• [Stored entries]
Start of Block

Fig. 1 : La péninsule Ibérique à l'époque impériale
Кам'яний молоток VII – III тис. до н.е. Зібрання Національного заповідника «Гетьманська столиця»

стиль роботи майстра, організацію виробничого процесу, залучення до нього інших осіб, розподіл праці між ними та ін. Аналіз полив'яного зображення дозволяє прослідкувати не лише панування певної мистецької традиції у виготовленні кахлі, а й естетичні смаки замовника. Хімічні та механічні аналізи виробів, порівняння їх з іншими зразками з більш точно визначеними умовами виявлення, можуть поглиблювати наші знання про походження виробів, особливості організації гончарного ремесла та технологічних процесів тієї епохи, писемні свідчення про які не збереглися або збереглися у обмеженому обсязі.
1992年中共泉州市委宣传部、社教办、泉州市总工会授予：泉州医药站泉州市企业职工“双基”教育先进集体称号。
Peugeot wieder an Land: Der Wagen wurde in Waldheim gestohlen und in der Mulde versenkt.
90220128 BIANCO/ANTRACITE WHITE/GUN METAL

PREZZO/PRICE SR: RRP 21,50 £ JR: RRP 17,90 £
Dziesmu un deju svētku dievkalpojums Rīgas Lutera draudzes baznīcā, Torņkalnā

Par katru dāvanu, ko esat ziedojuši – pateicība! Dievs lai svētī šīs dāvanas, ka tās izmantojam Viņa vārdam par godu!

End of Block
Start of Block

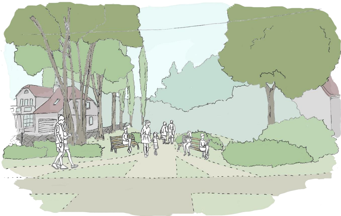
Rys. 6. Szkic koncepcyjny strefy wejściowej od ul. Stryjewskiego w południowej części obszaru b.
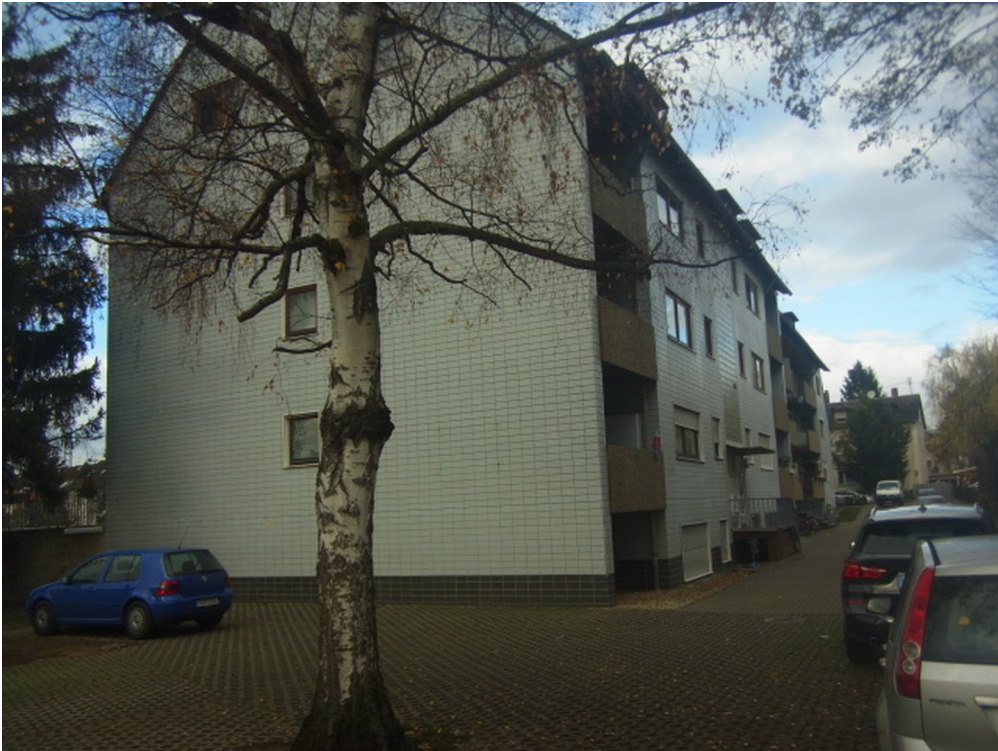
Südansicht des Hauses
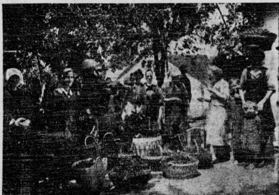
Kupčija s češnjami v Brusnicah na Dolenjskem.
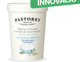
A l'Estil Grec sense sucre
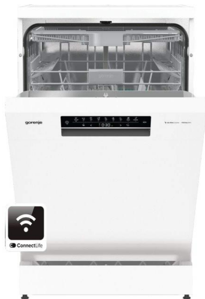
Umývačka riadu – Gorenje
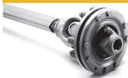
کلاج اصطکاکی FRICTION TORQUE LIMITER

End of Block
Start of Block

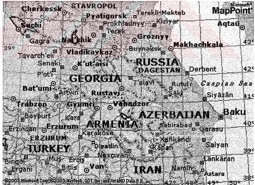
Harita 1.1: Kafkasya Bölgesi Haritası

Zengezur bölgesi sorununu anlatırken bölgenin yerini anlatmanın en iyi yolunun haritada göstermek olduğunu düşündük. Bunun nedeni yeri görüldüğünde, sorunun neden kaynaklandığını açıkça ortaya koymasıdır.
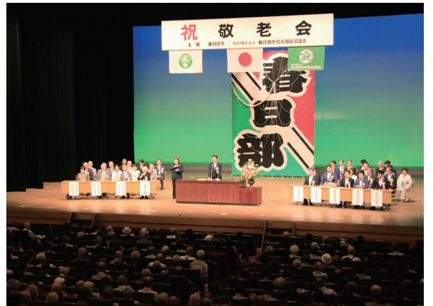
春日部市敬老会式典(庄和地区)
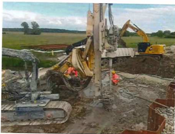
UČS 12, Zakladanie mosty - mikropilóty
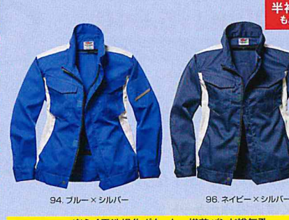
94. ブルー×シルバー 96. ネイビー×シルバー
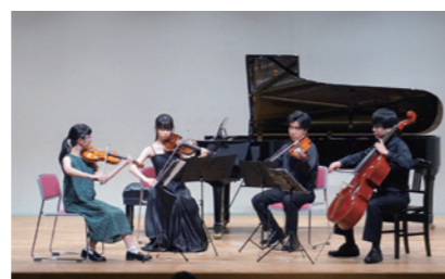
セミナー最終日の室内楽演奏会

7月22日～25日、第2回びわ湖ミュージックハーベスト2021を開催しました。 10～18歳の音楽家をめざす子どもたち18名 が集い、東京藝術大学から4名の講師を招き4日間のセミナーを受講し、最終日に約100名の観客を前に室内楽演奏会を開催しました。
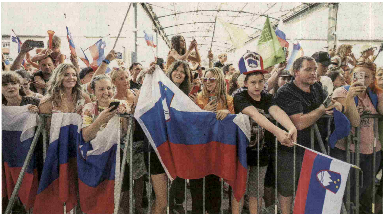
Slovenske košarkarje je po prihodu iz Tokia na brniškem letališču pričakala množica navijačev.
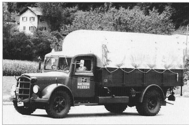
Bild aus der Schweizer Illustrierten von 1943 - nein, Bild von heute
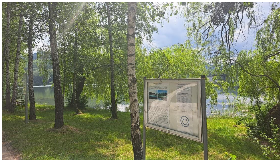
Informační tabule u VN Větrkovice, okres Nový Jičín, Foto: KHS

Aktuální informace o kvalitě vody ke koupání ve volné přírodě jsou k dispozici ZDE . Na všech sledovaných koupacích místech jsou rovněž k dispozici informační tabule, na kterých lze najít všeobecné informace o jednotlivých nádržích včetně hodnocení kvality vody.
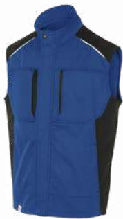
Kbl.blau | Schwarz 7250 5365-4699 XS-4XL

End of Block

• [Exercise description] In the records above, some lines hold the word "tabule"; copy each such line.

• [Result of this task]
Informační tabule u VN Větrkovice, okres Nový Jičín, Foto: KHS
Aktuální informace o kvalitě vody ke koupání ve volné přírodě jsou k dispozici ZDE . Na všech sledovaných koupacích místech jsou rovněž k dispozici informační tabule, na kterých lze najít všeobecné informace o jednotlivých nádržích včetně hodnocení kvality vody.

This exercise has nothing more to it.